Problem 1
From the point of view of the implementator, the major hardware
functionality that is not needed with a write-through cache compared with
a write back cache is: When the block is exclusive, local cpu read miss
and write miss, or read miss and write miss message from bus occurs, the
cache doesn t have to write back the block to memory.
Problem 2
Problem 3
If a valid bit is added to each word in a block, there would be extra
complications to the basic snooping cache coherency protocol to allow invalidation
a word without removing the entire block. When the state is invalid, then
CPU reads, it has to check the valid bit of the words it wants to read,
if valid, it won t generate a read miss, or it places read miss on bus.
On write, besides place write miss on bus, it has to provide the information
about the words it tries towrite. When the state is shared, if it gets
write miss for block from bus, it should invalidate the words others write
when it changes into invalid state.
And when CPU writes, it also should provide information about the words
it writes to let others invalidate such words. When the state is exclusive,
when it gets write miss for block from bus, it should set the valid bits
of the words others write invalid when the state is changed into invalid.
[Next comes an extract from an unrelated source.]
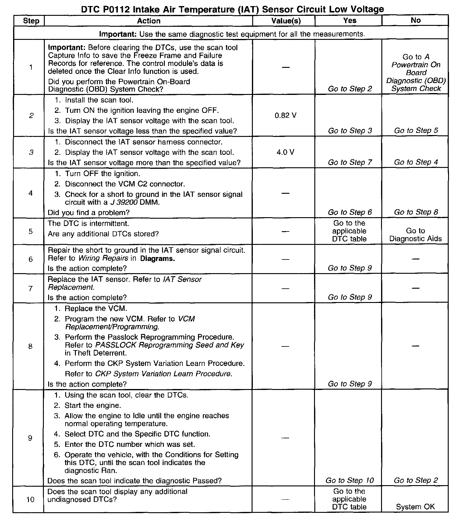 The IAT sensor indicates the temperature of the ambient air entering the throttle body. The IAT sensor temperature should read very close to the temperature of the outside air. The IAT sensor temperature should rise gradually as the engine warms up and the underhood temperature increases. If DTC P112 is set, the problem is intermittent. Check for a short to ground in the IAT sensor signal circuit. This may be accomplished by moving the VCM harness at various locations and monitoring the IAT temperature or the IAT voltage on the scan tool. If the voltage varies, look for a short to ground in the area of the harness that caused the variance. Also, a sensor may become skewed or mis-scaled. The Temperature vs. Resistance Value Table will help to detect a skewed sensor. Refer to Temperature vs Resistance.

The logic for checking bits when read and invalidate, and for providing
information about the words would be more complicated.
Problem 4
(a) The miss time for Challenge as given in the book
is 1093 ns
On the DSM a local access will take;
Miss time = Cache miss + Memory access + reload cache line latency+
reload primary cache latency
= ( ( 40 + (16 * 3) + 10) * 6.67 ns ) + 150 ns = 803.66 ns.
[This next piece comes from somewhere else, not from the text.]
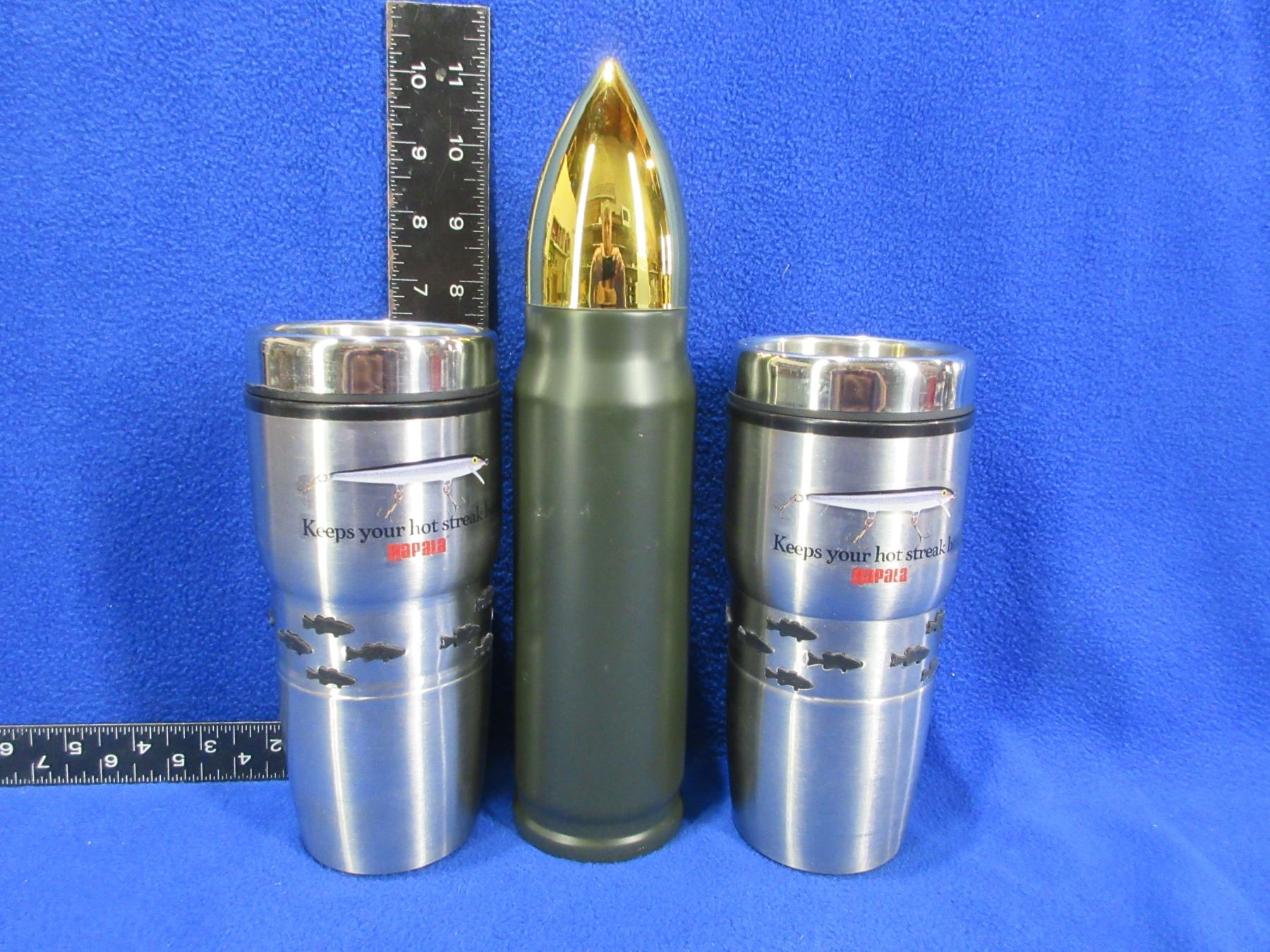 Lot 1250 NEW - Bullet Thermos and 2 Thermal Rapala Travel Mugs
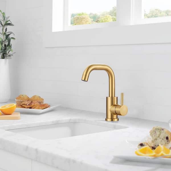 Single Handle Bar Faucet with All Mounting Hardware in Brushed Gold (Deckplate Included)

Therefore the DSM is better than the Challenge by:
(1093 - 803.66) / 1093 = 26.47%
(b) For the Challenge the average memory
access time is:-
22 bus cycles * 20 ns = 440 ns.
For the DSM grid the average distance from one node to the other is 2.8 cycles. All the 16 nodes have been taken in account for this average calculation.
With the hop being only 1 the average memory access time will be :
CCT * ( start latency + 2 * average distance) + memory latency
= ( 10 * ( 5 + 5.6 cycles)) + 150 ns = 256 ns.
The DSM grid is faster than challenge by :
(440 - 256) / 256 = 71.875%
Let n be the number of hops required to access the memory where the data
is stored. To make the DSM perform better than the Challenge
we require that
CCT * (start latency + 2 * average distance) + 150 ns = 440.
10 * ( 5 + 5.6 n) + 150 =440
Therefore n = 4.29
Therefore the fraction of remote misses for which the DSM performs better
than Challenge will be:
(number of hops - 1) / 6
= (4.29 -1) / 6
= 54.8%
Problem 5
We know that DSM and COMA machine have same remote coherence misses, but different local memory miss. So, to get equal performance, we have to get the same local miss rate, that is: ( x = fraction of the capacity miss on the DSM machine).
40*x + (1-x) *75 = 50
x = 71.42 %